- DIRECTIONS -
Leave the images out. Give every line below again, precisely.

- DATASET EXCERPT -
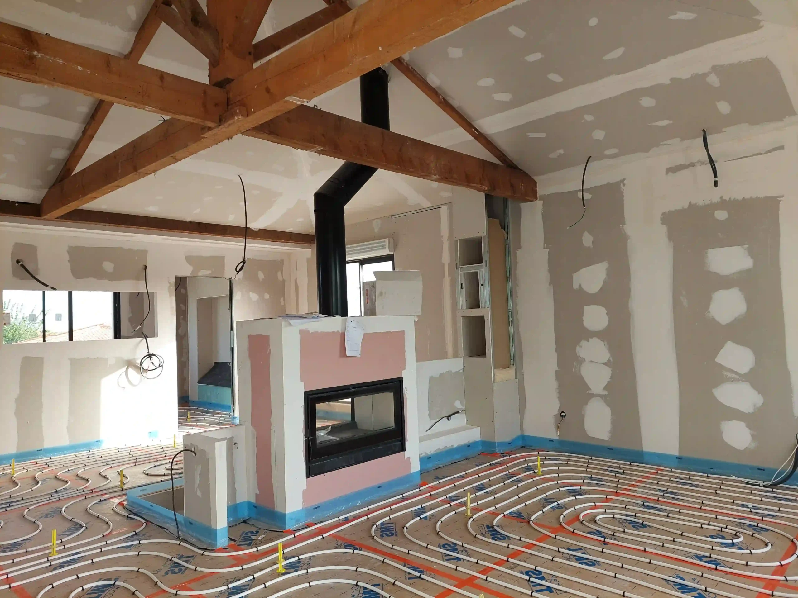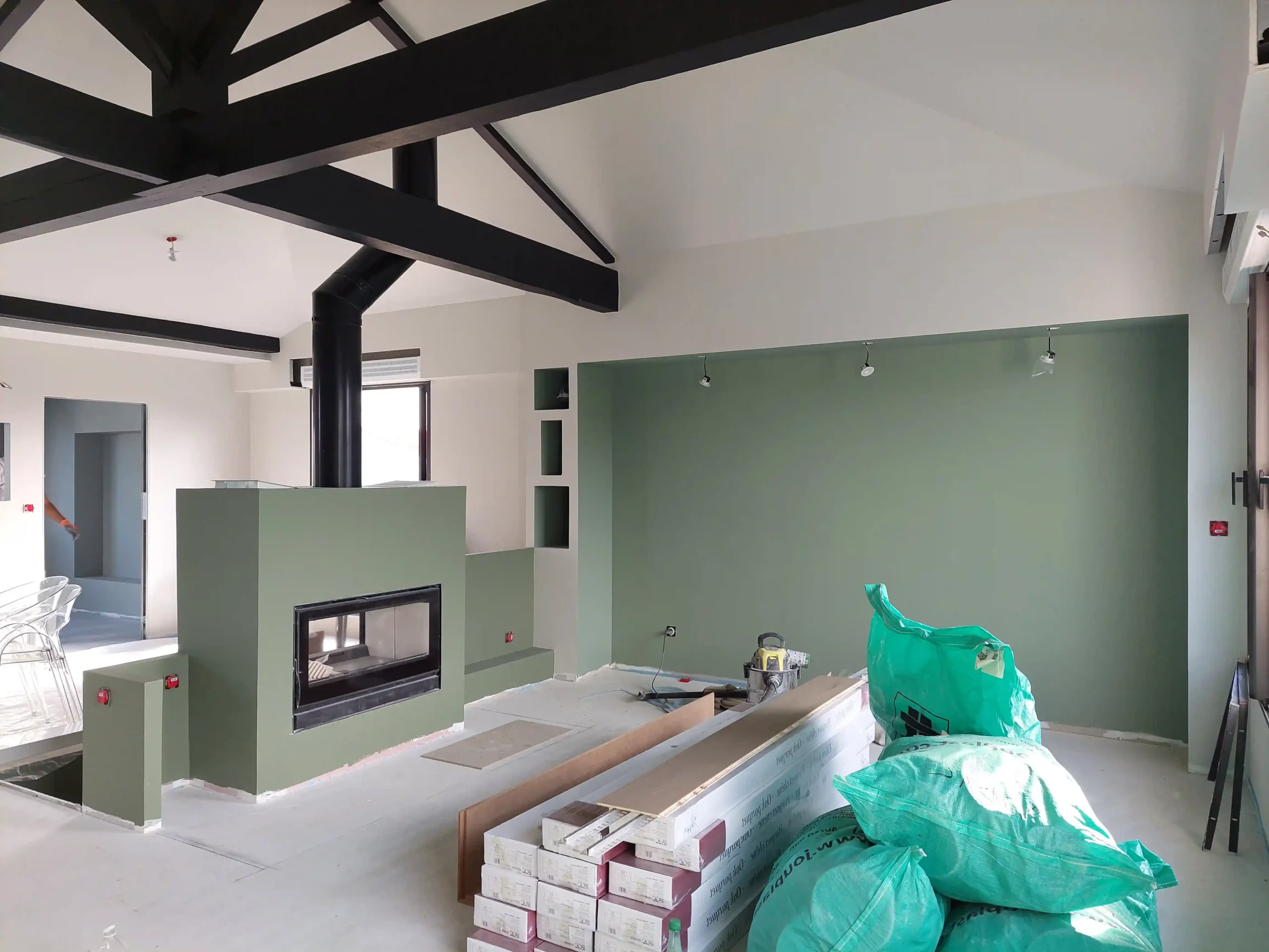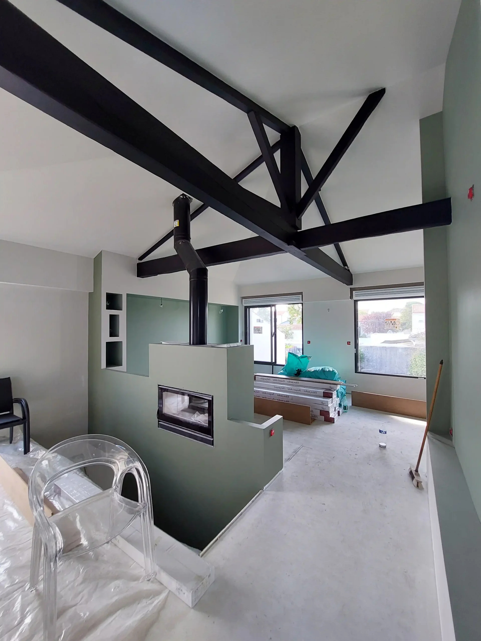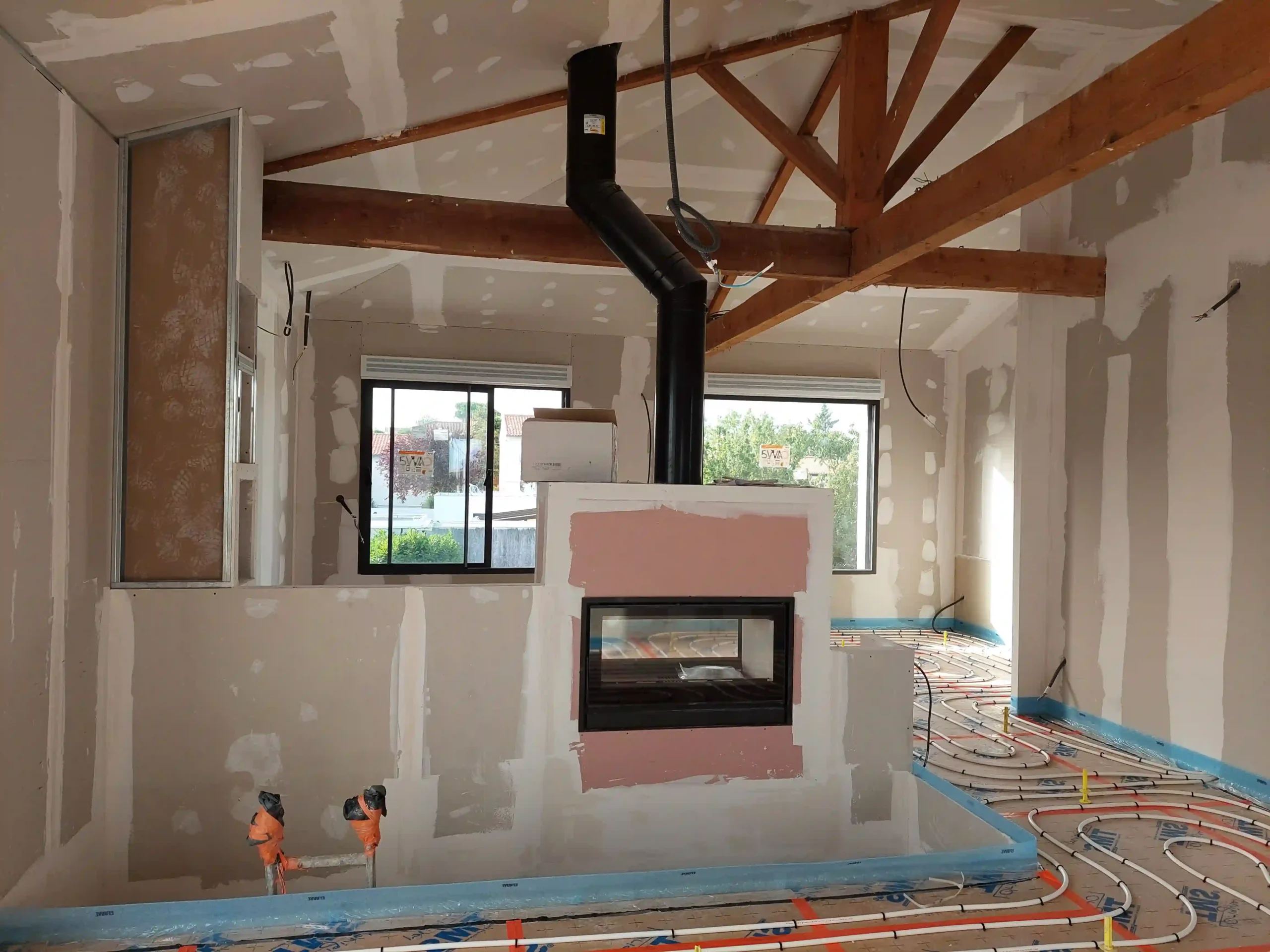 Cette construction d’une maison à Bourgneuf incarne une approche contemporaine du confort, conçue pour offrir des espaces lumineux et fonctionnels. La pièce de vie centrale,
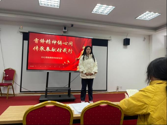 22心理健康教育班团支部主题团日活动在嘹亮的团歌中拉起帷幕。文娱委员黄宇霖带领全体支部成员唱响《光荣啊,中国共青团》,组织委员紧接着对支部成员进行点名。由团支书王一棉对精心制作的ppt进行了深入宣讲,她详细地阐述了起源、名言以及时代价值,并且与同学们开展雷锋相关问答。同时邀请了支部成员上台分享观看雷锋系列报道的所思所想,支部成员蔡鑫表示雷锋精神永不过时,要深刻把握雷锋精神的时代内涵,勇于奉献,以更加饱满的热情和更加扎实的行动贡献出自己的一份力量。
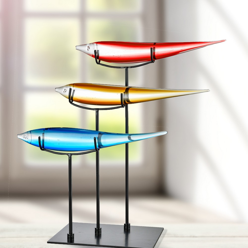 Dale Tiffany 3 Multicolor Fish Handcrafted Art Glass Figurine Black

- THE ANSWER -
 Cette construction d’une maison à Bourgneuf incarne une approche contemporaine du confort, conçue pour offrir des espaces lumineux et fonctionnels. La pièce de vie centrale,
 22心理健康教育班团支部主题团日活动在嘹亮的团歌中拉起帷幕。文娱委员黄宇霖带领全体支部成员唱响《光荣啊,中国共青团》,组织委员紧接着对支部成员进行点名。由团支书王一棉对精心制作的ppt进行了深入宣讲,她详细地阐述了起源、名言以及时代价值,并且与同学们开展雷锋相关问答。同时邀请了支部成员上台分享观看雷锋系列报道的所思所想,支部成员蔡鑫表示雷锋精神永不过时,要深刻把握雷锋精神的时代内涵,勇于奉献,以更加饱满的热情和更加扎实的行动贡献出自己的一份力量。
 Dale Tiffany 3 Multicolor Fish Handcrafted Art Glass Figurine Black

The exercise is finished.